PROVIDED DATA >>
■ ■ ■ ■ ■
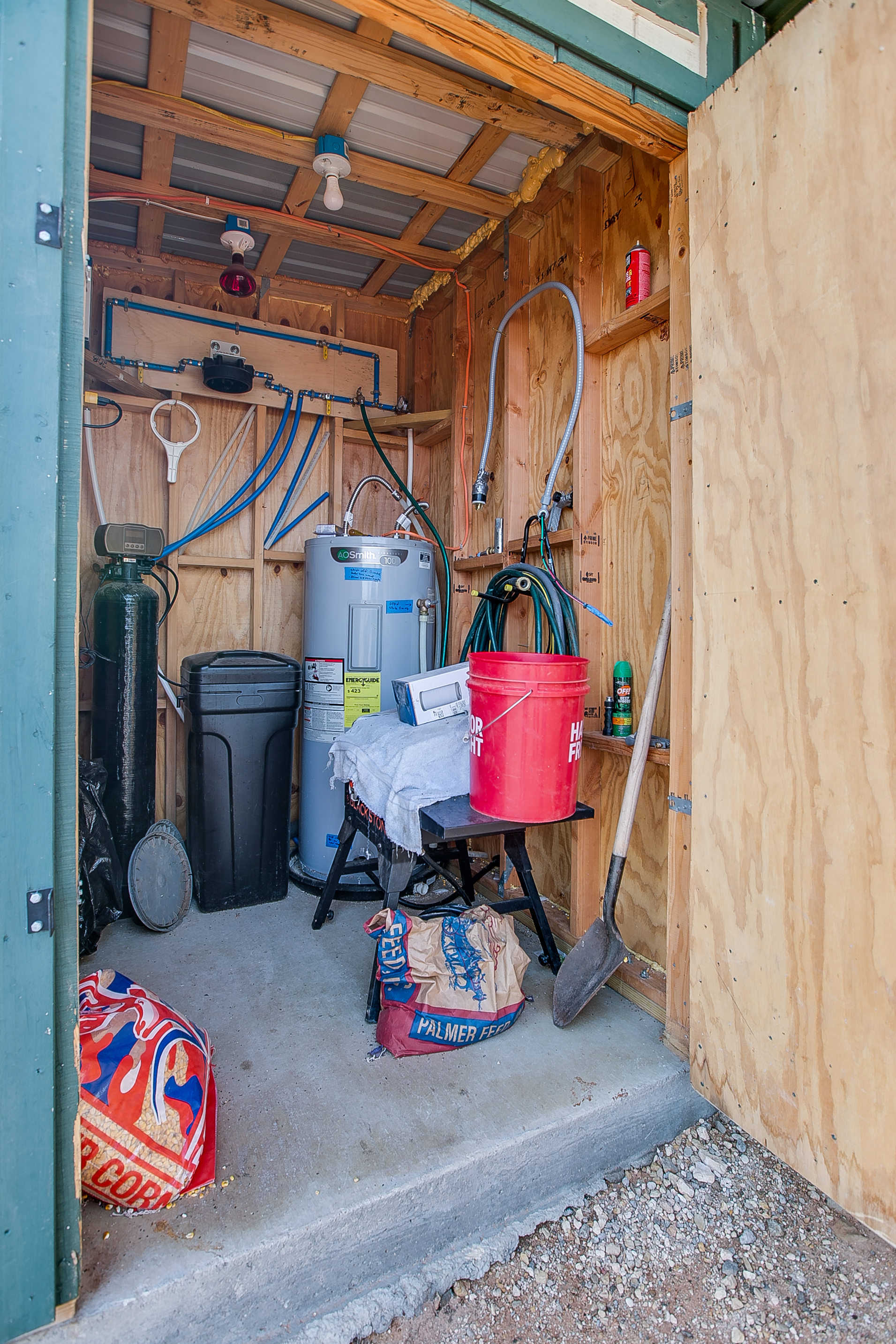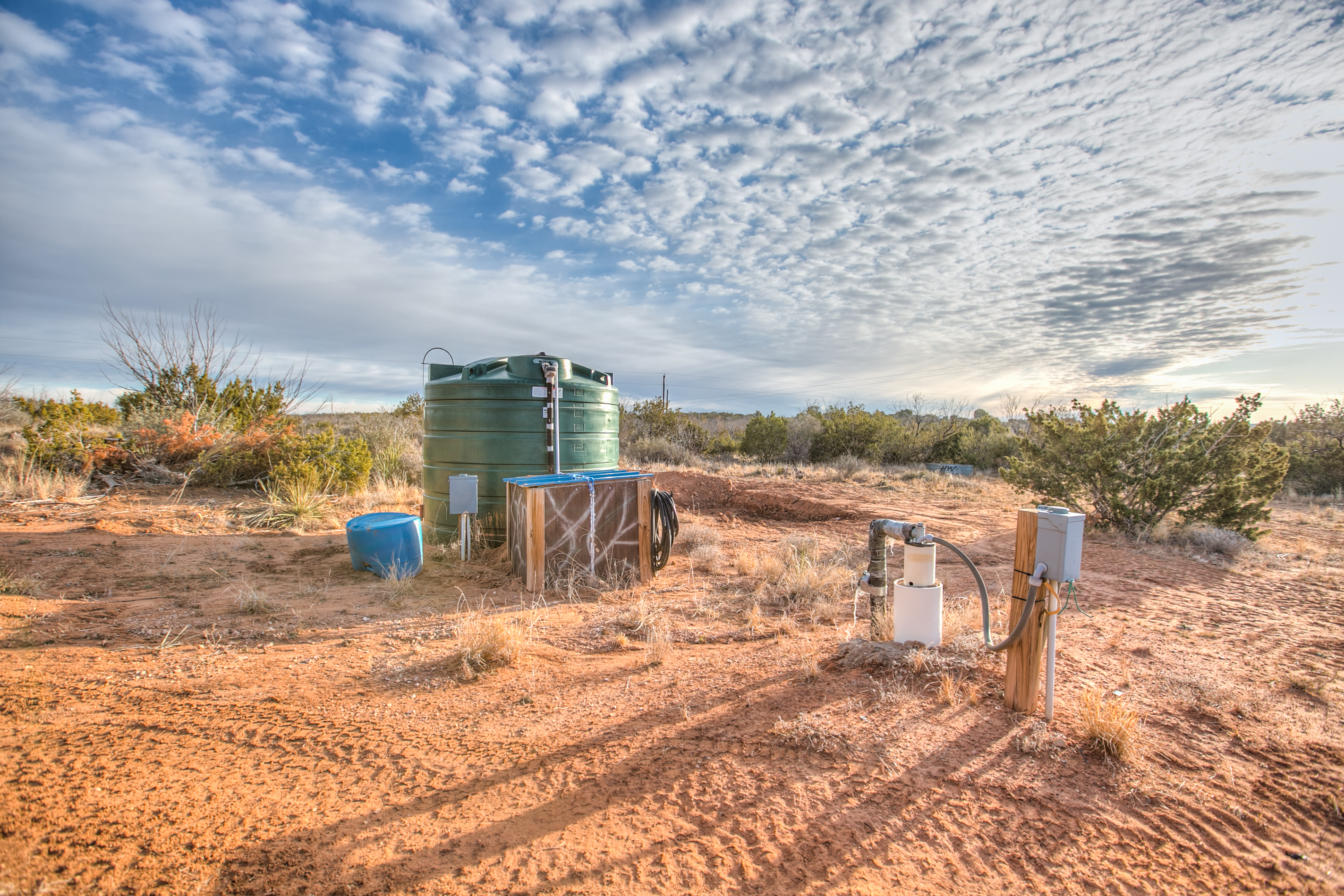 The property is supplied by a single well equipped with a submersible pump and a 1,500-gallon storage tank. The storage tank feeds a jet pump that delivers water to the cabin. The cabin is equipped with a water filtration system and a water heater, both housed in an insulated exterior closet. The water system is well-designed and easy to maintain.
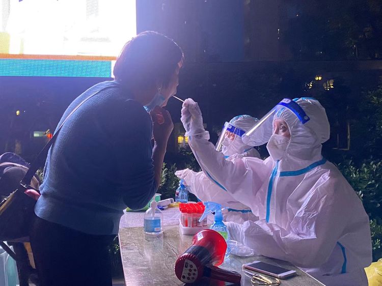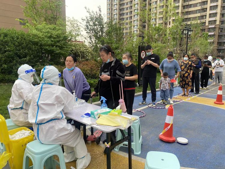 在全社区群众的配合下,整个采集检测过程有序进行,居民都很积极地配合医务人员进行检测。
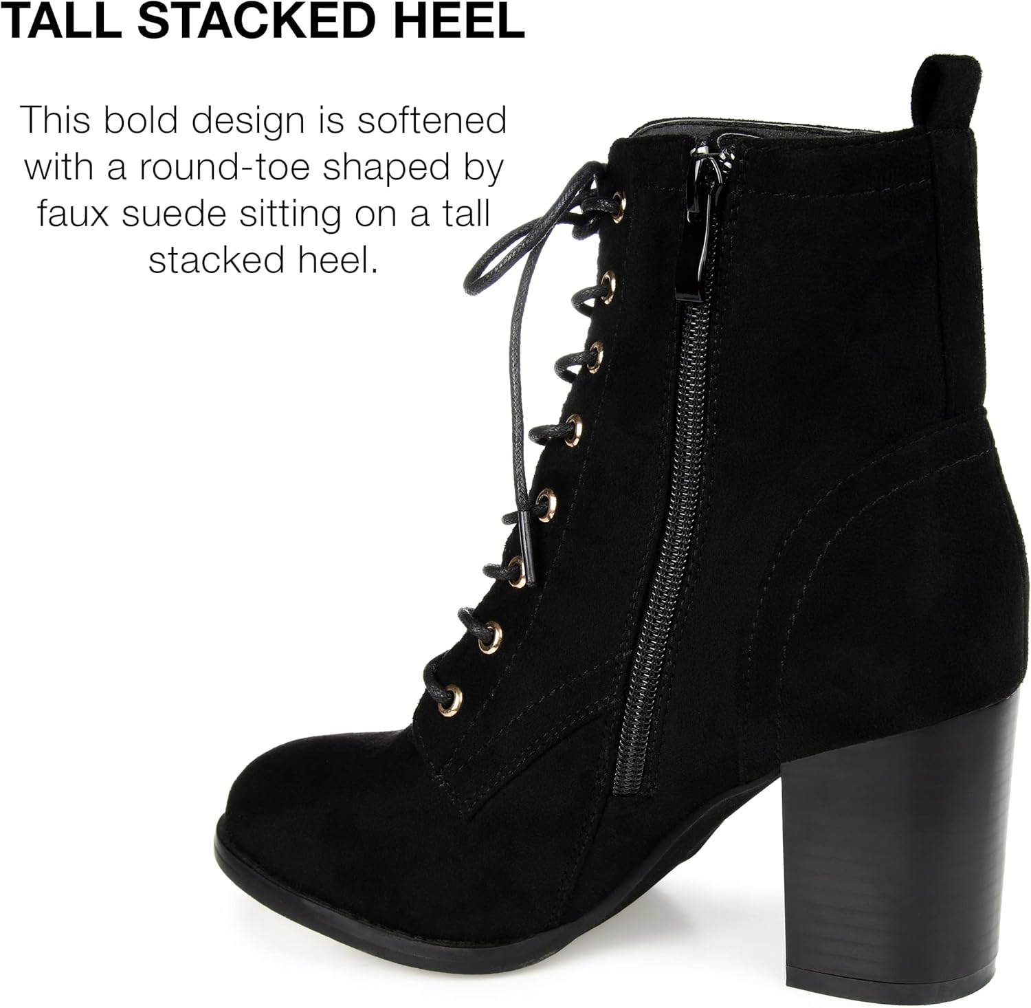 Ботильоны Journee Collection Baylor выполнены из искусственной кожи, имеют конструкцию на подъем с боковой молнией и шнуровкой, а также округлый носок. Подкладка из искусственных материалов. Легко набивная стелька. Каблук-блок.
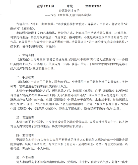 此活动为线上活动,作品需在4月23日前以规定形式提交给活动负责人。活动开展前期,活动负责人充分宣传,提前建立活动群聊并讲述相关活动事宜。活动内容分为三个部分,分别是经典诗文朗诵、诗词创作与诗歌鉴赏。在活动的开展过程中,同学们以多种形式积极参与活动,参赛同学均严格按照作品要求上交作品,在围绕作品主题的同时深扣作品内涵,挖掘其思想哲理。作品中完美展现出参赛者深厚的文学素养和阅读积累。活动结束后,所有作品由评委组共同商讨评定并颁布奖状。
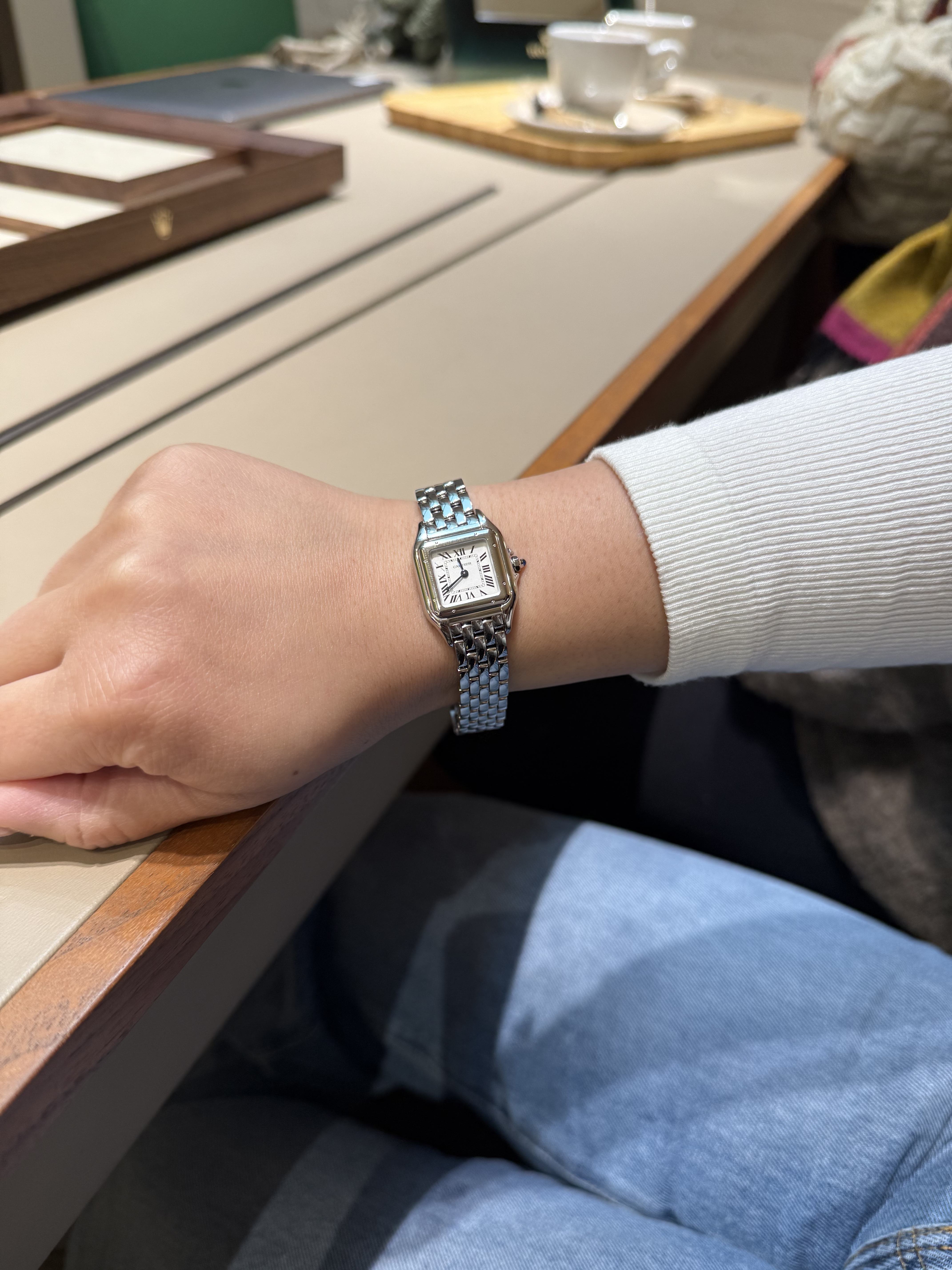 Hoewel mijn zusje eigenlijk voor de Love bracelet ging, vroegen we toch of ze ook een horloge mocht passen. Ze had interesse in de Cartier Panthère small duotone. De exacte uitvoering was er niet, maar ze mocht wel de metalen versie passen. Dat beviel eigenlijk enorm.
■ ■ ■ ■ ■
WORK REQUEST >>
Repeat, with no pictures, every line from the top of the entries above through the line that has "在全社区群众的配合下,整个采", keeping each one exact.

EXERCISE RESPONSE >>
 The property is supplied by a single well equipped with a submersible pump and a 1,500-gallon storage tank. The storage tank feeds a jet pump that delivers water to the cabin. The cabin is equipped with a water filtration system and a water heater, both housed in an insulated exterior closet. The water system is well-designed and easy to maintain.
 在全社区群众的配合下,整个采集检测过程有序进行,居民都很积极地配合医务人员进行检测。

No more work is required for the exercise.